--- Extracted records ---
-- Opening Marker --

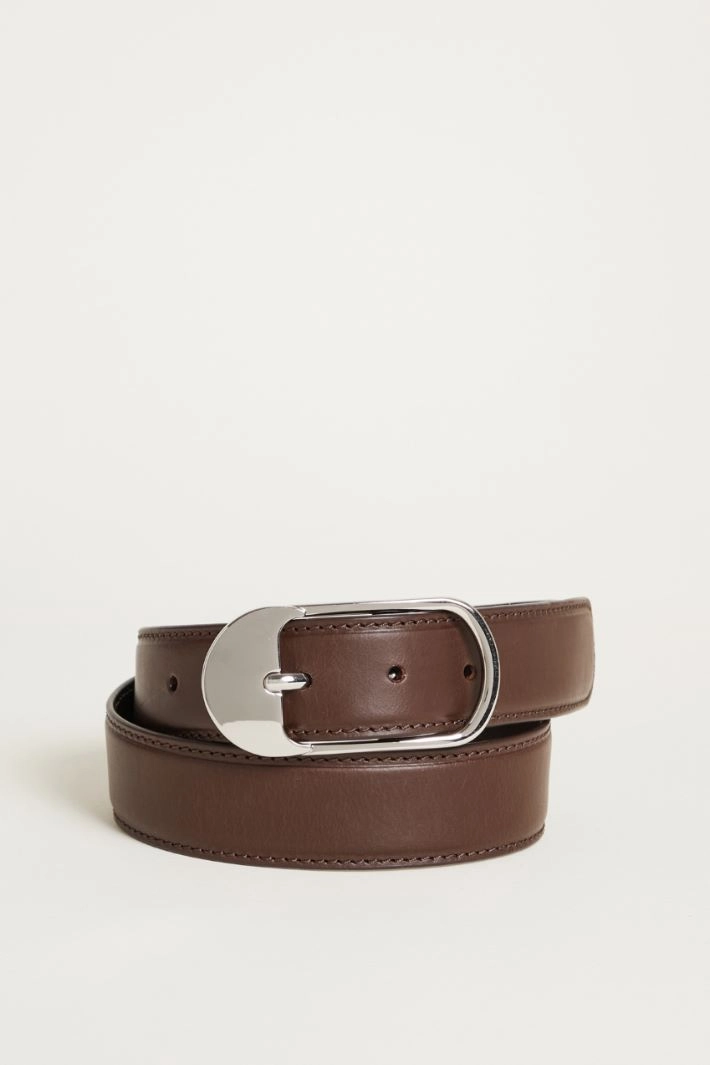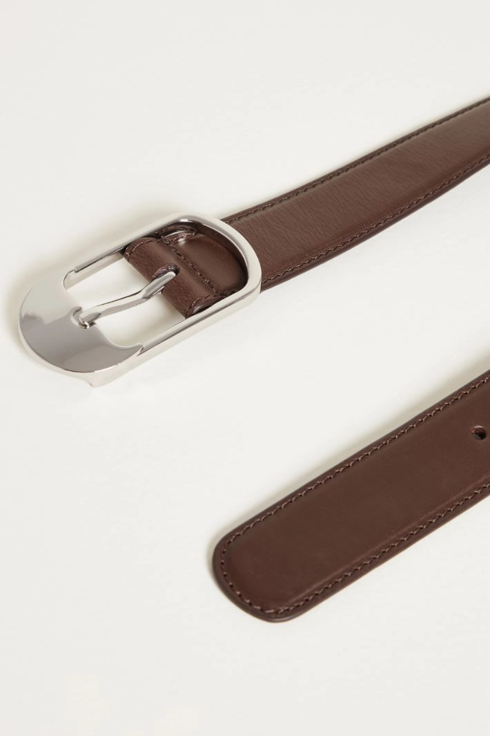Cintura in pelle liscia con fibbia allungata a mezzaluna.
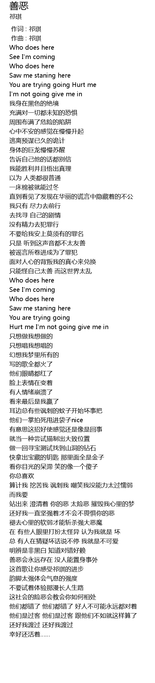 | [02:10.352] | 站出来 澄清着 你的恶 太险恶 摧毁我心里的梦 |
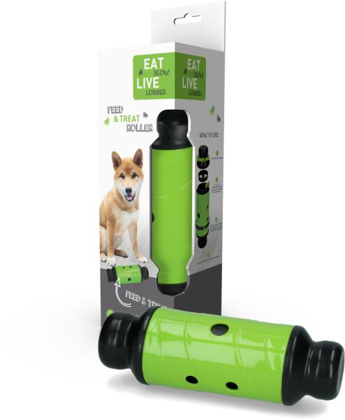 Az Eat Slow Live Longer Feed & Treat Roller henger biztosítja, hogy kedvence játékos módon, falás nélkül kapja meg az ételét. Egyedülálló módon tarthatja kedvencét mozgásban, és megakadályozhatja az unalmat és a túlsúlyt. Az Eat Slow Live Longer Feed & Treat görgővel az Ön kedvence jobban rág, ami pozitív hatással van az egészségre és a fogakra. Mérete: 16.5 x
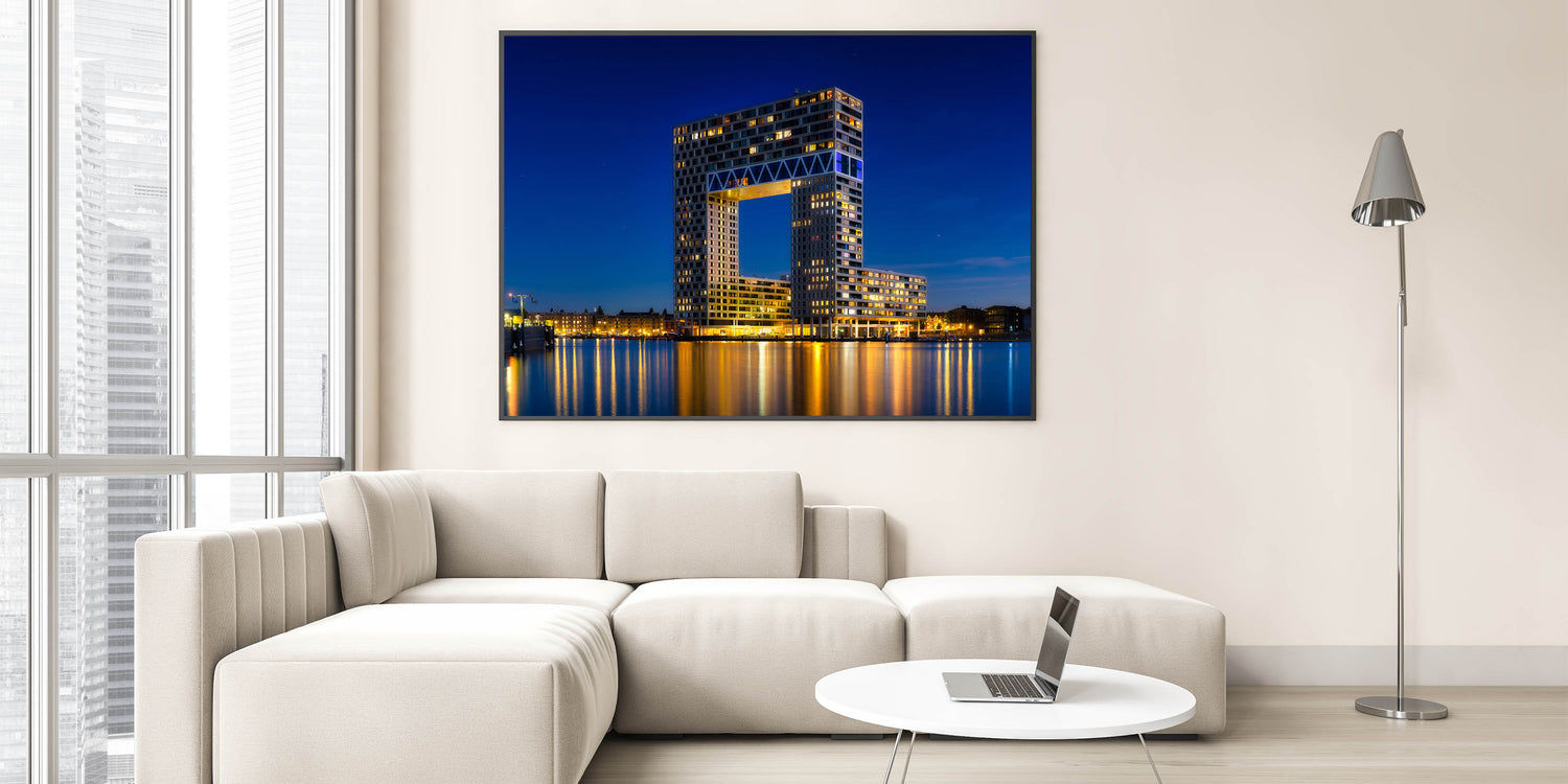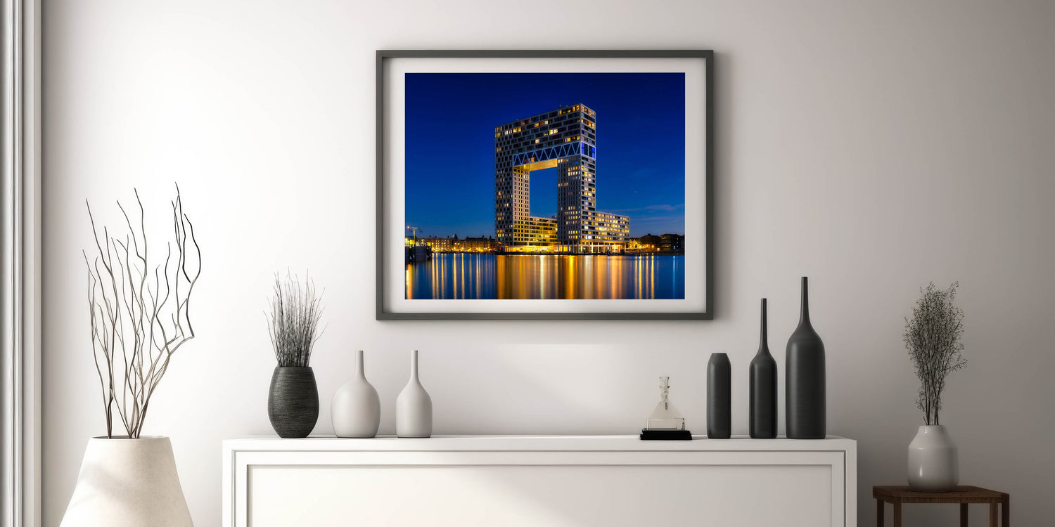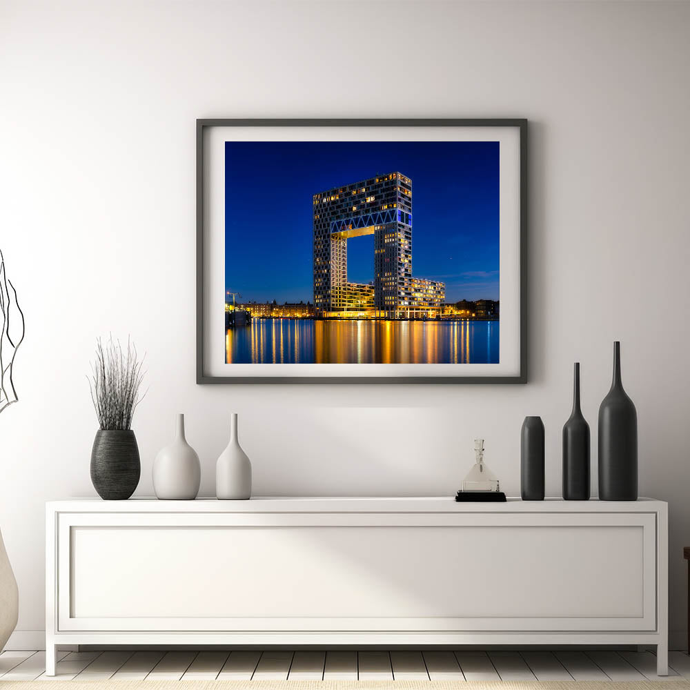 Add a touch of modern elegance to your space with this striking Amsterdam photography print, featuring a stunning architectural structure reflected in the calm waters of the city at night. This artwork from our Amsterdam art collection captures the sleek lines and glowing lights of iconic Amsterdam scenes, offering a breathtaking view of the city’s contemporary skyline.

-- Closing Marker --
-- Opening Marker --

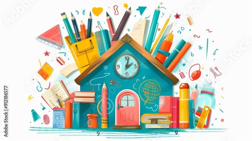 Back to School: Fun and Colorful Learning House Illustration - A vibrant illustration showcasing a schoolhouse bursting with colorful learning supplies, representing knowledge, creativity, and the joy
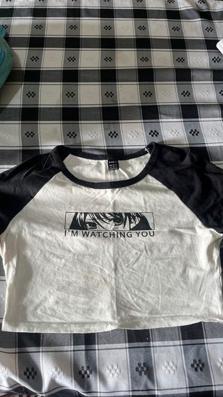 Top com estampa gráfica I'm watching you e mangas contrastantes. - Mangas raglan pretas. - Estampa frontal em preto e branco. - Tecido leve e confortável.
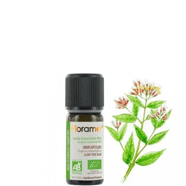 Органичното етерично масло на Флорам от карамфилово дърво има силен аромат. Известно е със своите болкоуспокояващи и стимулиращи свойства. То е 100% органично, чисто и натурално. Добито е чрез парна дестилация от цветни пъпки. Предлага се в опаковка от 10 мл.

-- Closing Marker --

--- Task brief ---
Using the listing above, repeat word for word each line from the one with "Back to School: Fun" down to the one with "Органичното етерично масло", both included. Omit all pictures.

--- Answer to the problem ---
 Back to School: Fun and Colorful Learning House Illustration - A vibrant illustration showcasing a schoolhouse bursting with colorful learning supplies, representing knowledge, creativity, and the joy
 Top com estampa gráfica I'm watching you e mangas contrastantes. - Mangas raglan pretas. - Estampa frontal em preto e branco. - Tecido leve e confortável.
 Органичното етерично масло на Флорам от карамфилово дърво има силен аромат. Известно е със своите болкоуспокояващи и стимулиращи свойства. То е 100% органично, чисто и натурално. Добито е чрез парна дестилация от цветни пъпки. Предлага се в опаковка от 10 мл.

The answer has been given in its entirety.